Присутствующие склонили головы, прощаясь. Были здесь и овдовевшая княгиня Форштадтская, и молодой герцог Таммингтон. Не один Люк разглядывал окружающих. Он сам чувствовал на себе многочисленные взгляды аристократов. Все гадали: кого же выберет корона после того, как закончится срок траура. Судя по кучкованию вокруг молодого Таммингтона, явно растерянного таким вниманием, самым вероятным кандидатом считали его. Впрочем, логично: из первой двадцатки он единственный остался в живых.
Люка очень подмывало поинтересоваться, не оборачивается ли милейший коллега по титулу змеем Воздуха, – аура у Таммингтона была крепкой, сияющей, но кто его знает, до какой степени она должна вырасти для оборота? Интерес был не из чистого любопытства, а из чувства самосохранения. Если оборачивается – значит, не слабее его, Люка, и это очень бы порадовало.
Инляндский престол Кембритча не интересовал ни в малейшей степени, а уж если совсем честно, вероятность получить его вызывала ужас, и поэтому различного рода недомолвки и загадки, связанные с отношением к нему Луциуса Инландера, а также усиление его крови браком с Мариной вызывали нехорошие подозрения. И если до частичного разрешения первого вопроса оставалось несколько дней – уже в четверг будет готов анализ, где скажут, является ли он, Люк, сыном графа Джона Кембритча, – то второе даже при утвердительном ответе может сыграть нежелательную роль.
Саркофаг ушел под землю, его накрыли сверху белоснежной мраморной плитой и флагом Инляндии – как и три других. Молитвенная служба закончилась, маленький оркестр тронул инструменты, ударами сердца бухнул барабан – и потекла над разрушенной усыпальницей Песнь Ушедших, как всегда, вызывая своей тоскливой чистотой и солнечной, обнадеживающей радостью в конце ком в горле.
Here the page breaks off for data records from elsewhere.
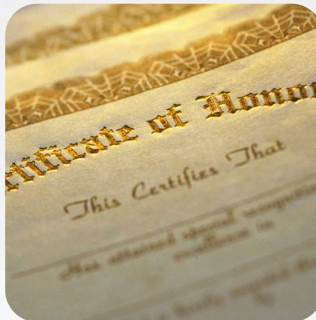
CERTIFICATE OF INCORPORATION/ LLP CERTIFICATE/ REGISTRAR OF FIRMS
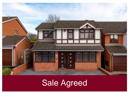
17 Fieldview Close, Coseley, Bilston
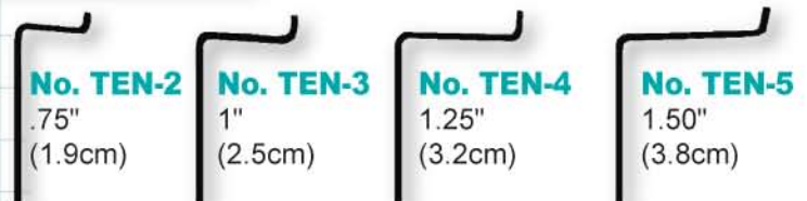
No. TEN-2 .75" (1.9cm)

These tools are designed for use on lever-type letterbox locks. They apply tension on the levers, while moving the levers to the shear line, opening the lock.
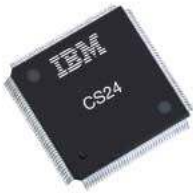
Figure 1: IBM's single-chip digital audio/video decoders integrate advanced features for high-performance solutions.
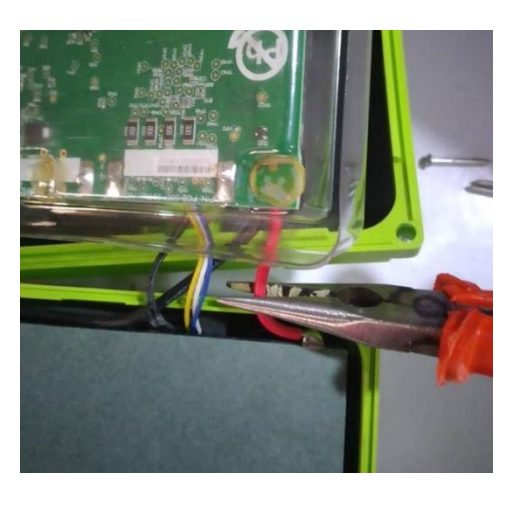
Figure 5: Cutting off the wire
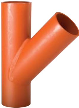
Figure 914 45° Lateral
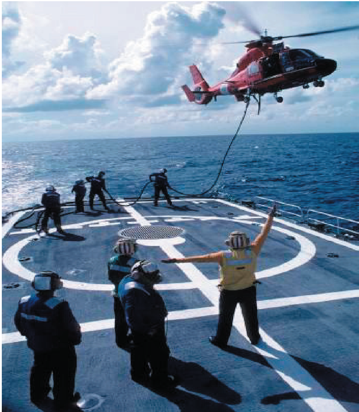
HH-65A Conducting HIFR operations with a Coast guard Medium Endurance Cutter
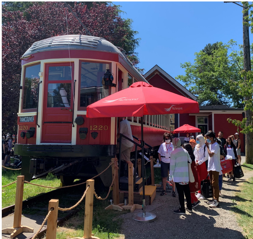
Canada Day Tram, 2022
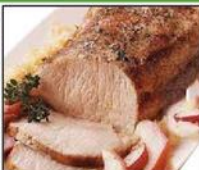
Whole Boneless Pork Loins
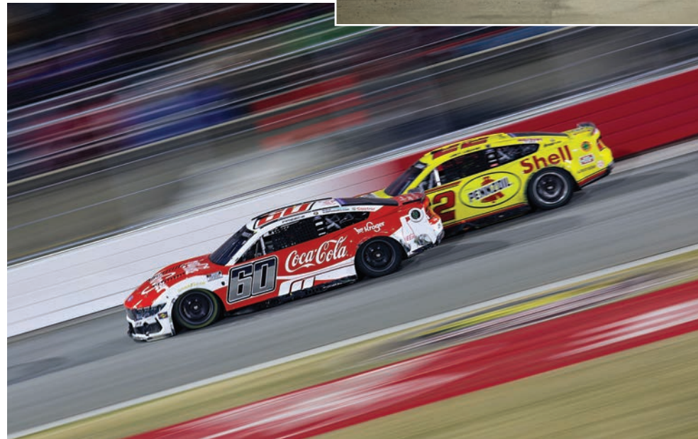
Winner Ryan Preece, driver of the #60 Kroger/Coca-Cola Ford, and Joey Logano, driver of the #22 Shell Pennzoil Ford, race during the Cook Out Clash at Bowman Gray Stadium in Winston Salem, North Carolina on Wednesday.
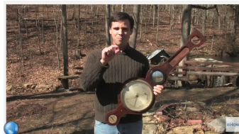
The history of the barometer (and how it works) - of Bar-Yosef
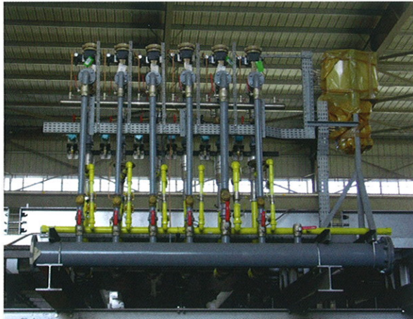
Process piping networks
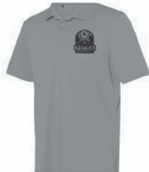
Orange Adidas Dri-fit Polo $44.00 - $48.00
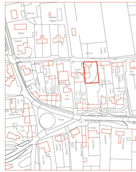
Location 1:2500 North Back Lane Terrington OS Grid Ref. 49875 70151 E 498751 N 470152

THIS DOCUMENT HAS BEEN PREPARED BY OR WITH THE ASSISTANCE OF THE CONSULTANT ENGINEER AND ARCHITECT AND IS NOT TO BE USED FOR ANY OTHER PURPOSE WITHOUT THE WRITTEN PERMISSION OF THE CONSULTANT ENGINEER.
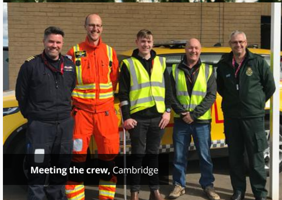
Meeting the crew, Cambridge
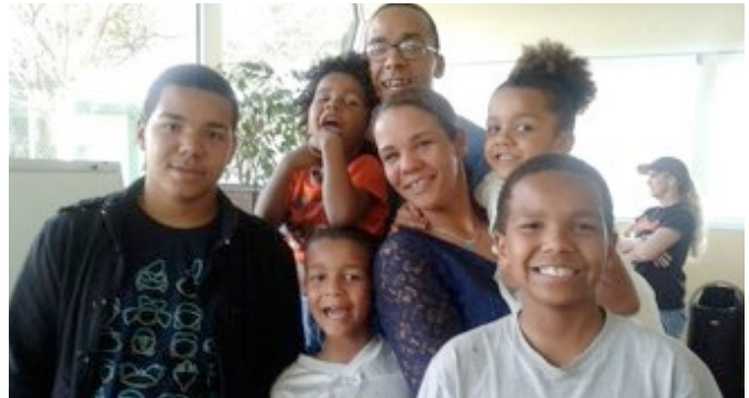
Oasis helps to reunite families through sobriety
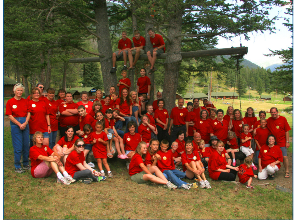
Summer Family Camp 2008
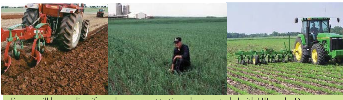
Farmers will have to diversify weed management tactics and systems to deal with HR weeds. Deep tillage (left photo) buries weed seeds; cover crops (center) can repress weed germination and growth; and mechanized cultivation between plant rows (right) is a proven alternative to herbicides.

cotton fields in 2003, about when experts predicted field resistance would emerge.
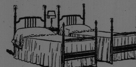
The "Madison" Design 1928 An exquisite example of bed design in the early Colonial manner. Beautifully finished in "hand rubbed" Mahogany and Walnut.

The Simmons Label is your assurance of sleeping equipment built for sleep. All genuine Simmons Beds, Springs and Mattresses have it. No others have.
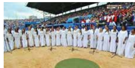
CNC sings for Castro and Obama

Spangled Banner." The CNC then went on to perform America's anthem at the historic Cuban-American baseball game, attended by both Cuban President Raúl Castro and U.S. President Barack Obama and his family. (The Tampa Bay Rays defeated the Cuban National Team, 4-1.) 🎶
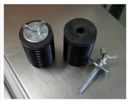
1. Remove Bolts from Springs.
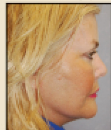
After Face Lift
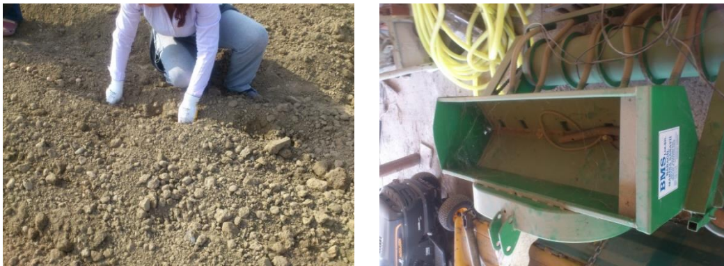
Figure 6. Sowing with manpower (left) and machine (right)

In a study, in which the production activities carried out at the nursery stage were examined, it was found that the applications made with the sowing machine during sowing activities carried out in a large area with 34 cm intervals on 120 x 100 m European beech and scotch pine seeding beds, 43.5% and 32.7% efficiency was achieved per-unit-time. In addition, in this research conducted in Finland, the contribution of seedling production by using mechanization techniques to the country's exportation was reported to be high (Laine, 2017). In the studies carried out by Ersson et al. (2018) using both tracked and wheeled excavators, sowing ranging between 150-265 per hour were realized. The results obtained from the studies conducted in Finland and Sweden in 2017 were similar to our study in which approximately 240 plantings were carried out per hour. The sowing process with the machine S 237 in Poland was found to be 33% more efficient than manpower (Osmolovskiy and Granik, 2014).
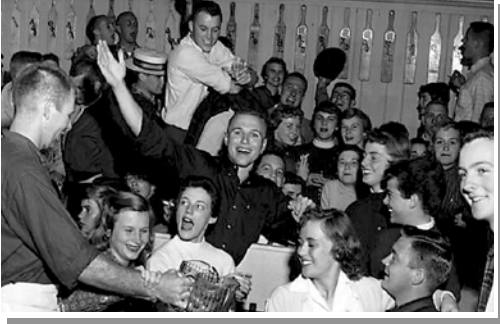
ATO's at Bidwells in 1956

Homecoming will be held on Saturday, October 7 , with Illinois taking on Indiana. Kickoff time is yet to be announced, but plan on stopping by the house for a catered party and socializing with fellow Gamma Zetas. Other post-game activities will include awarding the undergraduate scholarship winners, a special alumni room renovation dedication, and live entertainment.
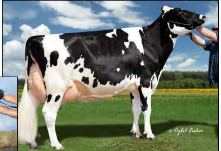
LUNCREST SHOTTLE WHIT-1149 EX-92 EX-MS 2ND DAM OF LOT 54
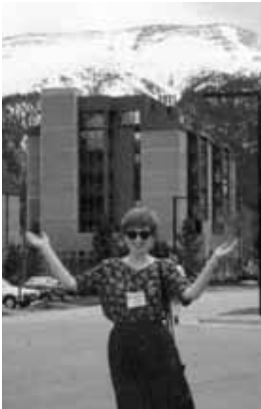
Summer Institute participant enjoys the hospitality of Copper Mountain, Colorado
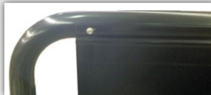
Curved Sail Track Fixing Method
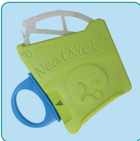
Preemie Lime Green
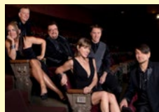
Dr. Strangelove Aug 18, 19, 21, 22

Люк поймал взгляд королевы Василины, почтительно склонил голову, и она едва заметно кивнула в ответ. Утром у них состоялся телефонный разговор – как члену семьи Люку дали личный номер королевы, и его светлость не постеснялся им воспользоваться, потому что вопрос был срочный. Василина Люка выслушала, подумала, о чем-то вполголоса посоветовалась с принцем-консортом и ответила герцогу согласием и обещанием содействовать.
– У вас с Мариной все в порядке, лорд Лукас? – ожидаемо тревожно поинтересовалась она в конце разговора.
– Все прекрасно, ваше величество, – легко соврал он, – я счастлив и делаю все, чтобы и герцогиня была счастлива.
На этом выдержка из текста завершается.